Task objective:
Take the entries that follow and return exactly the lines from the one holding "Anchor Hocking Classic" through the one holding "Product name: 結び帯", both included. Nothing else is needed.

Data excerpts:
┏━━
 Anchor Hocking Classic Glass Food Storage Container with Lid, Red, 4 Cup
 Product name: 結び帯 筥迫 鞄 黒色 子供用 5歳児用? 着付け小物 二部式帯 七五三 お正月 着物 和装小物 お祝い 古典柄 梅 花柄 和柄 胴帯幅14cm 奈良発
┗━━
┏━━
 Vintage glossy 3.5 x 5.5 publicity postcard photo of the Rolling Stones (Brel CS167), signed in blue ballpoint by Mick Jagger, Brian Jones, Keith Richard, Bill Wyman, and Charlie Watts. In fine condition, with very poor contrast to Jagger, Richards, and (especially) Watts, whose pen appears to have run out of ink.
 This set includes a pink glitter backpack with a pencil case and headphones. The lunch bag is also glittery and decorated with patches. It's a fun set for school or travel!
┗━━
┏━━
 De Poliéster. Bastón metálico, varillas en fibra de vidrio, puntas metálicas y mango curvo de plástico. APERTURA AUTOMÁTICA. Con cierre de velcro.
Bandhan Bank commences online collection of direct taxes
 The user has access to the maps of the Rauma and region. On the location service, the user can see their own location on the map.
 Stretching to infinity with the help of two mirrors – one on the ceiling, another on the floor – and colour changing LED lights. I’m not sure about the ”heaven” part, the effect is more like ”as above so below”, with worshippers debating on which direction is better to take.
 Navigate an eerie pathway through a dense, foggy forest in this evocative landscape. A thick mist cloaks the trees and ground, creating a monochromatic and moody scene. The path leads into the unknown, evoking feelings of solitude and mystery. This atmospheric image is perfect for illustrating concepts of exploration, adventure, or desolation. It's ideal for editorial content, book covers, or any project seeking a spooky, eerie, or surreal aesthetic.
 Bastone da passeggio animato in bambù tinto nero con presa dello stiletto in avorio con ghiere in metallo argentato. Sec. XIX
┗━━
Worked solution:
 Anchor Hocking Classic Glass Food Storage Container with Lid, Red, 4 Cup
 Product name: 結び帯 筥迫 鞄 黒色 子供用 5歳児用? 着付け小物 二部式帯 七五三 お正月 着物 和装小物 お祝い 古典柄 梅 花柄 和柄 胴帯幅14cm 奈良発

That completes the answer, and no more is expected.